Revised Possible Cash Offer and PUSU Extension

International Distributions Svc PLC
15 May 2024
 

 

NOT FOR RELEASE, PUBLICATION OR DISTRIBUTION, IN WHOLE OR IN PART, DIRECTLY OR INDIRECTLY, IN OR INTO OR FROM ANY JURISDICTION WHERE TO DO SO WOULD CONSTITUTE A VIOLATION OF THE RELEVANT LAWS OR REGULATIONS OF SUCH JURISDICTION

 

THIS IS AN ANNOUNCEMENT FALLING UNDER RULE 2.4 OF THE CITY CODE ON TAKEOVERS AND MERGERS (THE "CODE") AND DOES NOT CONSTITUTE AN ANNOUNCEMENT OF A FIRM INTENTION TO MAKE AN OFFER UNDER RULE 2.7 OF THE CODE. THERE CAN BE NO CERTAINTY THAT ANY OFFER WILL BE MADE

 

THIS ANNOUNCEMENT CONTAINS INSIDE INFORMATION

 

FOR IMMEDIATE RELEASE

15 May 2024

 

International Distributions Services plc
("IDS" or the "Company")

 

Statement regarding a revised possible cash offer

 

Extension of PUSU deadline to 29 May 2024

 

The Board of IDS (the "Board") confirms that it has received a revised non-binding proposal from EP Corporate Group a.s. ("EP Group") for the entire issued share capital of IDS not already owned by EP Group and its affiliates, namely VESA Equity Investment S.à r.l. ("Vesa Equity") (the "Proposal"). As of 14 May 2024 (being the date prior to this announcement), Vesa Equity holds 264,138,365 ordinary shares in the capital of the Company, representing approximately 27.6% of IDS' issued share capital.

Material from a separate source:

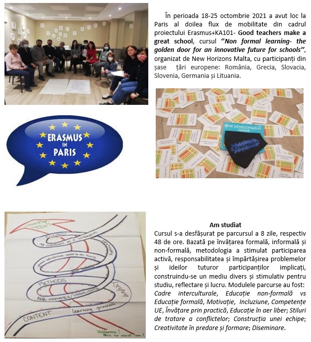 - flux 1,curs structurat: ‘’Non formal learning– the golden door for an innovative future for schools’’, vor participa 2 cadre didactice din liceu. Organizator: New Horizons Malta.

The total value of the Proposal (the "Total Value") represents:

370 pence per IDS share

comprised of:

·      cash consideration of 360 pence per IDS share;

·      the final dividend in respect of the Financial Year ended 31 March 2024, which is expected to be 2 pence per IDS share (the "2024 Final Dividend") and which is expected to be paid in September 2024; and

·      a special dividend of 8 pence per IDS share which would be conditional upon completion of the transaction (the "Special Dividend").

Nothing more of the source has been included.